BOSTON (CBS) – A plowable snowfall is on the way this weekend for most of southern New England. Remarkably, for many folks, this will be the first plowable event in more than a month. That is awfully hard to do in the middle of winter here! Having said that, this should be a fairly low impact event, essentially just a quick moving burst of snow on a Saturday evening.
No wind or coastal concerns and for some folks a change to rain will compact what little snow they receive.
The snow arrives from west to east between 4-to-7 p.m. It will be snowing in the Berkshires by 4 p.m. and into Boston around 7 p.m. The intensity will increase fairly quickly to as much as an inch per hour shortly after it starts.
The majority of the snow accumulation will occur between 8 p.m. and 1 a.m.
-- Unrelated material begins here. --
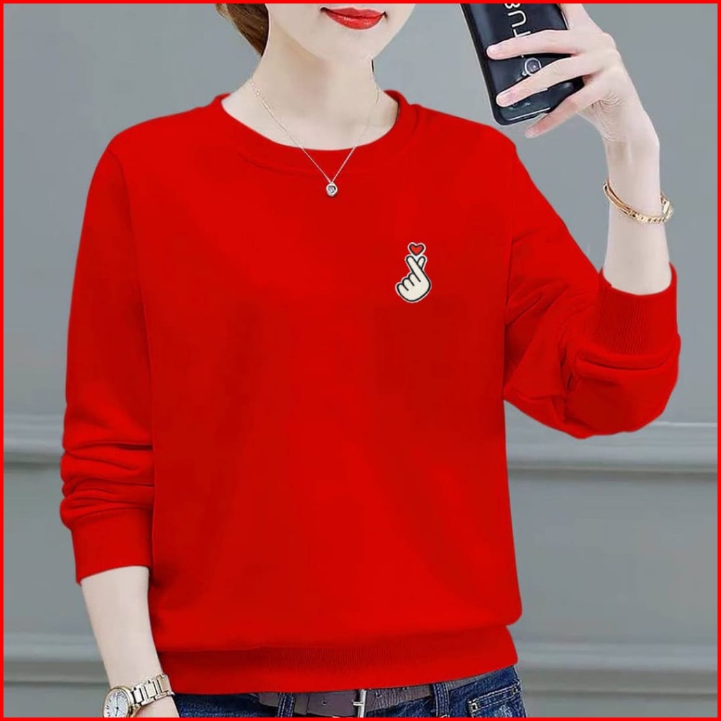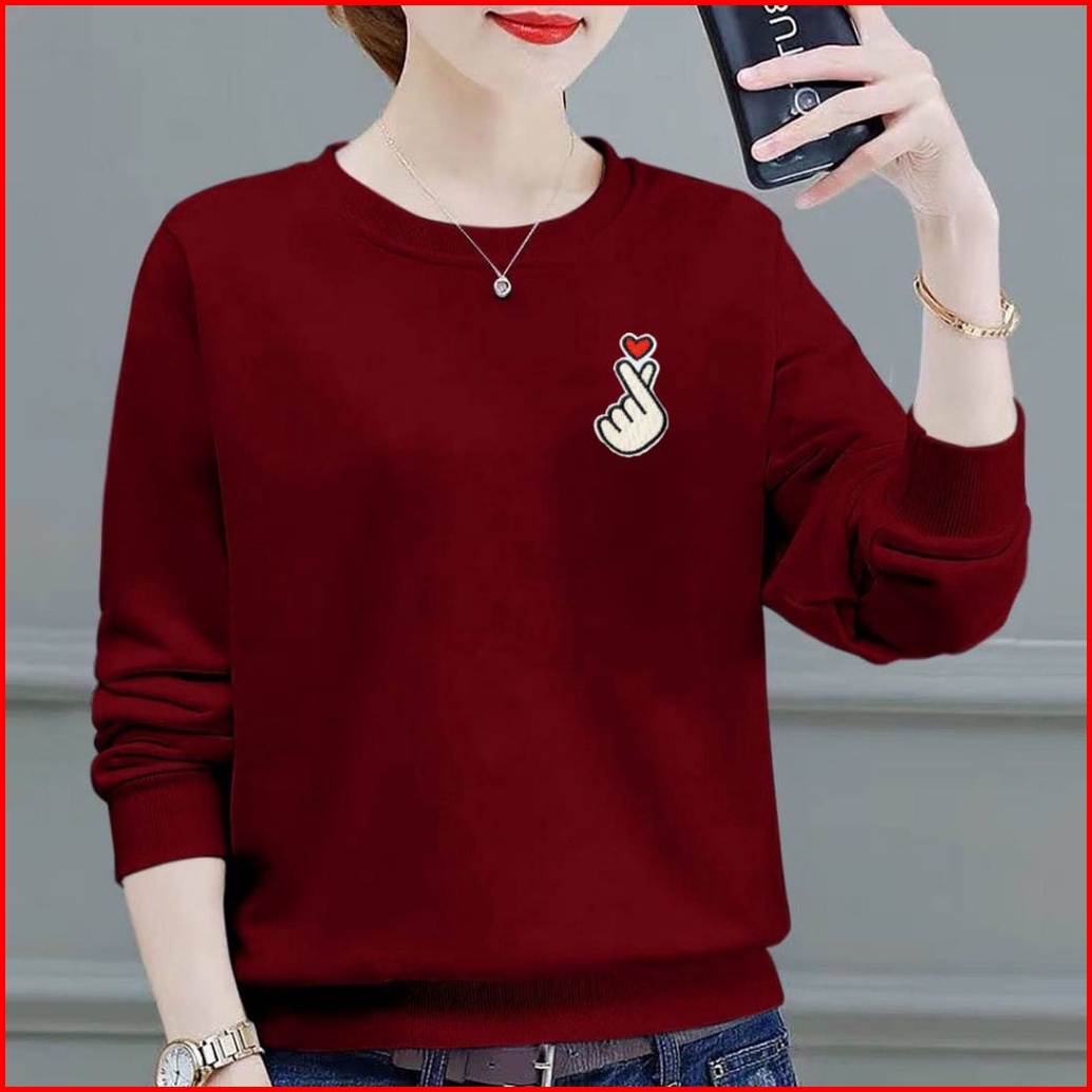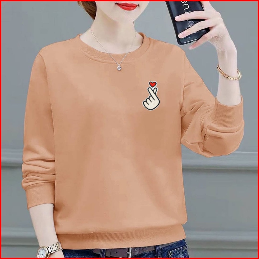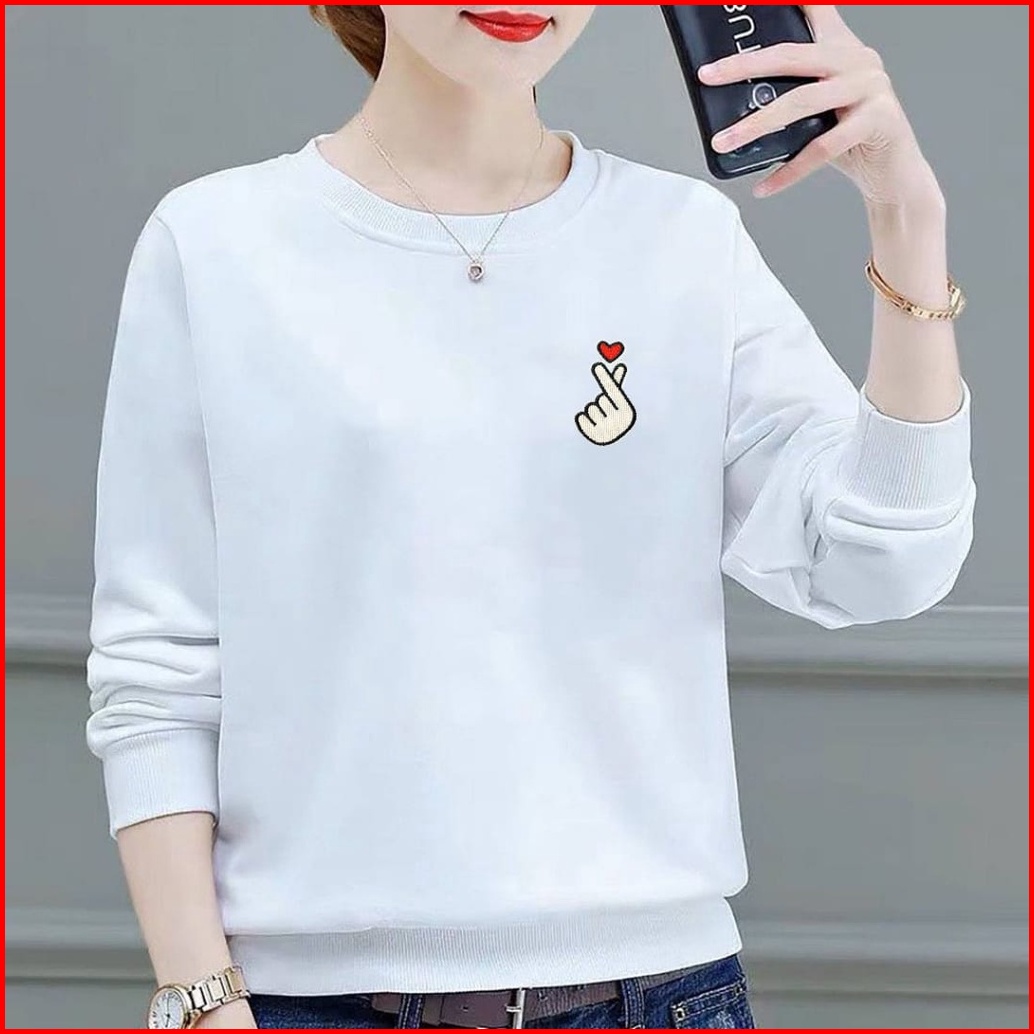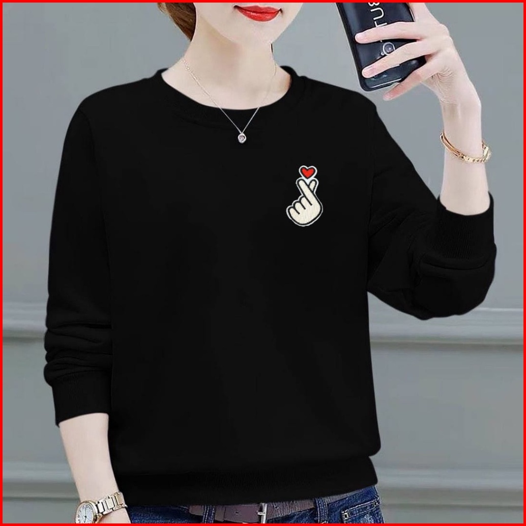 Kaos Lengan Panjang Wanita Logo Saranghae Kaos Sweatshirt Wanita Atasan Wanita Lengan Panjang

Towards the tail end of the storm, particularly in areas south of the Massachusetts Turnpike, the snow will change to a light rain before tapering off. The final drops and flakes will taper between 1 and 5 a.m. Very little additional accumulation will occur after 1 a.m. Sunday. So, get up Sunday morning, have your coffee and head on out to clean up the driveway.
Coating to 2 inches: Areas south of Plymouth including the South Coast, Cape Cod and the Islands and, with a change to rain down here, much of the snow will be compacted or washed away.
2-to-4 inches: The region from Boston to Providence, including much of Norfolk County and northern Plymouth and Bristol counties. Again, with some change to rain very late, this may be compacted a bit.
3-to-6 inches: All areas north and west of Boston. This includes Worcester (much of Worcester County) and most of Middlesex and Essex counties as well as New Hampshire, Vermont and southern Maine.
There will be a bit of a fluff factor in these areas with very cold temperatures, especially at the start of the storm.
Best chance of more than 6”: Northern Worcester County, Monadnock Region, northern Berkshires, Green and White Mountains…ski areas rejoice! Again, major fluff factor here, very light and fluffy snow will pile up fairly quickly.
It appears that we will enter a prolonged stretch of cold and dry weather once this storm departs.